D. Contractor, for the Defendant (Respondent)
Defendant (Respondent)
HEARD at Toronto: November 14, 2017
ORAL REASONS FOR JUDGMENT
SWINTON J. (Orally)
[1] 1127776 Ontario Limited appeals from the order of Perell J. dated February 3, 2017 in which he granted the respondent tenant’s motion for summary judgment and ordered the appellant to pay $10,163.32, the balance of the respondent’s security deposit less an adjustment for Additional Rent for the lease year ending July 31, 2015.
[2] The only issue raised in the Notice of Appeal is the interpretation of the Additional Rent provision in the parties’ lease. In oral argument, a second issue was raised concerning an alleged error by the motions judge in his finding that the notice of adjustment of Additional Rent for 2014 was served late. No notice of this new argument was given to the respondent. Consequently, we decline to deal with this new argument.
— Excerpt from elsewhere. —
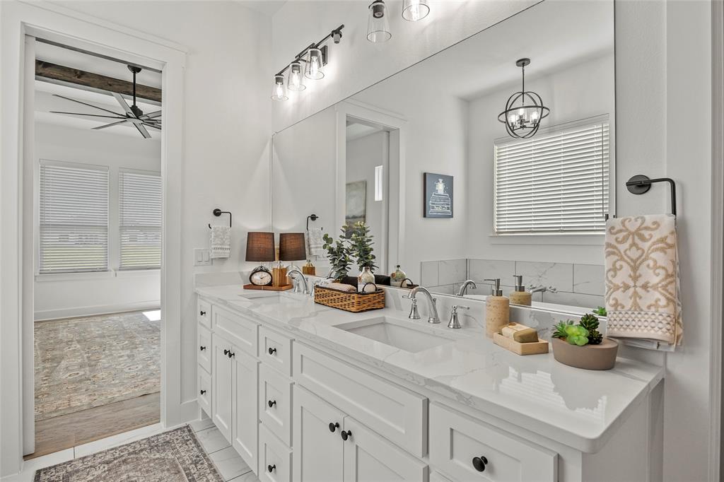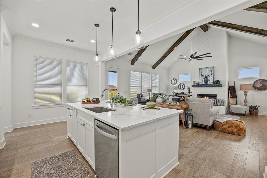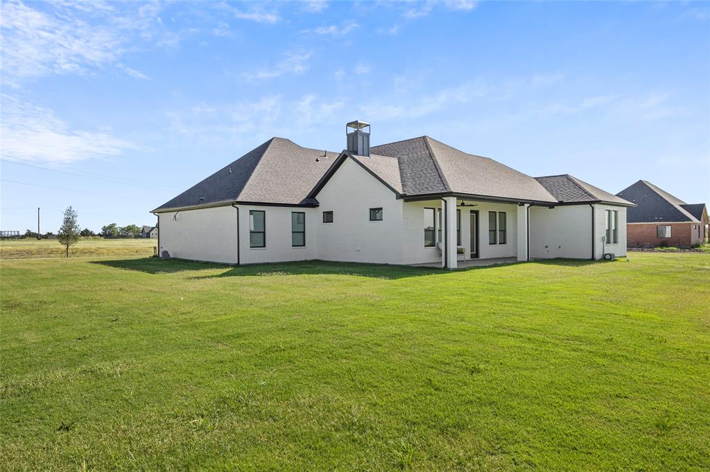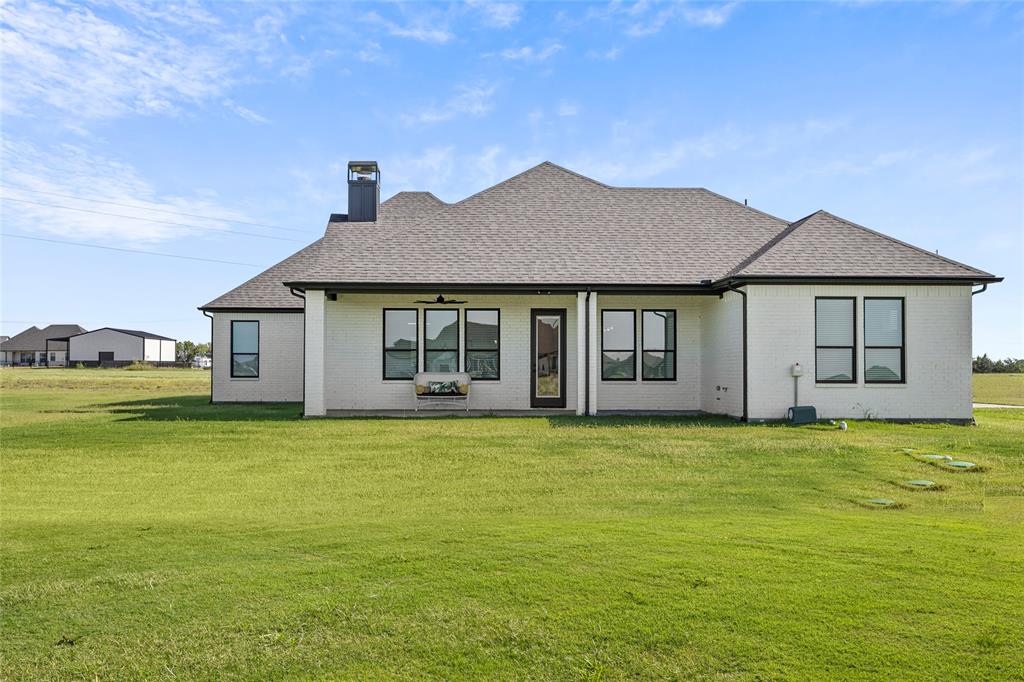 MOVE IN READY HOME in the highly sought after Caddo Mills ISD. This home sits on a 1 Acre Lot. 2623 Sq. 4 Bedrooms, Study, 4th bedroom Option with closet, 3 Baths and 2 car garage. Two-inch White Faux Wood blinds. Foam Encapsulation. 250 gallon buried Propane Gas for the Tankless Water Heater, Fireplace, 5 burner cooktop and BBQ stub. 8’ Mohogany Entry Door and 8' Solid Core Doors throughout. 10' Ceilings. Floor to ceiling Brick Fireplace with Gas starter and Stained Mantle. Vaulted Ceiling in Living Room with Stained Beams. White Painted Cabinets, Quartz Counter tops in Kitchen, all bathrooms and laundry room. 3x12 White Subway Tile Kitchen Backsplash. Decorative Vent hood. Built-in Stainless Steel Whirlpool dishwasher, microwave, single oven and 5 burner gas cooktop. Hardwoods in Entry, Dining Room, Living Room, Kitchen, Study 4th Bedroom option, Master Bedroom. C-Tile in all Bathrooms and Laundry room. Primary Bedroom Features a Designer Ship Lap Wall and Stained Beam work in the Ceiling. Primary Master Bath has a dual sink vanity, Slipper Tub and Walk in Shower with Frameless Glass. From the Primary Closet there is Laundry Room access.

[3] Article 2(3) of the lease requires the tenant to pay Additional Rent throughout a lease year based on an estimate of the amount due in accordance with the terms of the lease. It also provides that “the Landlord shall provide the Tenant with a statement of the Additional Rent for the relevant lease year within 180 days of the Landlord’s financial year end”, and the parties shall expeditiously make necessary adjustments to the payment. In particular, the tenant may not claim a readjustment based solely upon any error of estimation, determination or calculation unless claimed in writing within six months after the lease year to which the claim relates.
[4] The motions judge concluded that the word “shall” required the landlord to give notice of an adjustment for each lease year within 180 days of the landlord’s financial year end. In the present case, the landlord first gave notice of adjustments for the 2012, 2013, and 2014 lease years in July 2015, although its year end was March 31.
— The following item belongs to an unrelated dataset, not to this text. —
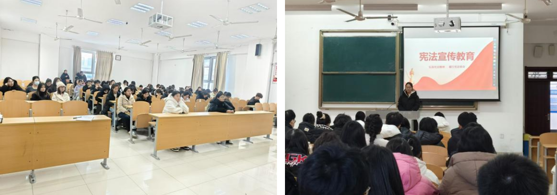 11月28日,学院副教授孙桂燕老师在学生事务与发展中心,为全校学生代表开展“学习宪法知识 弘扬宪法精神”宪法宣讲活动。孙老师以浅显易懂的语言,深入浅出地讲解了宪法日的由来以及设置的意义,结合生动的宪法事例和具体的宪法条文对宪法的内容、原则和精神进行了深入解读,激发了学生学习宪法的热情和兴趣,为全校营造尊崇宪法、遵守宪法、维护宪法的良好氛围起到了推动作用。

[5] The motions judge concluded that the landlord’s interpretation that “shall” was directory would give “no meaning or effect to the notice provisions in the lease which prescribed a payment scheme and schedule that was fair and had advantages for both parties in managing their business and financial affairs”. The motions judge concluded that the landlord was barred from claiming the adjustments for 2012, 2013, and 2014.
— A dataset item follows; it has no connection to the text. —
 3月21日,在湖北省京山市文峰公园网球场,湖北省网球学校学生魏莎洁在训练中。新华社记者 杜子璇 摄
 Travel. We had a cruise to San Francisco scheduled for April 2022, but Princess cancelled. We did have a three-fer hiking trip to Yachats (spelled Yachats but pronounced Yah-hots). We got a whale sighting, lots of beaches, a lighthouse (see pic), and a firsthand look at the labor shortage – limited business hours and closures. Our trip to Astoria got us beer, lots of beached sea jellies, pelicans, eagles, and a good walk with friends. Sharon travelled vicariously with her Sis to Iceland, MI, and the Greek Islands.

[6] Even if the standard of review is correctness, we would not intervene. The motions judge’s interpretation was consistent with the language of the lease, particularly when one takes into account the six month limitation on tenants seeking readjustment.
[7] The decision of the Superior Court in 2373322 Ontario Inc. v. Nollis, 2017 ONSC 1518, is distinguishable. That case turned on different wording in a lease and a different factual context.
[8] Accordingly, the appeal is dismissed.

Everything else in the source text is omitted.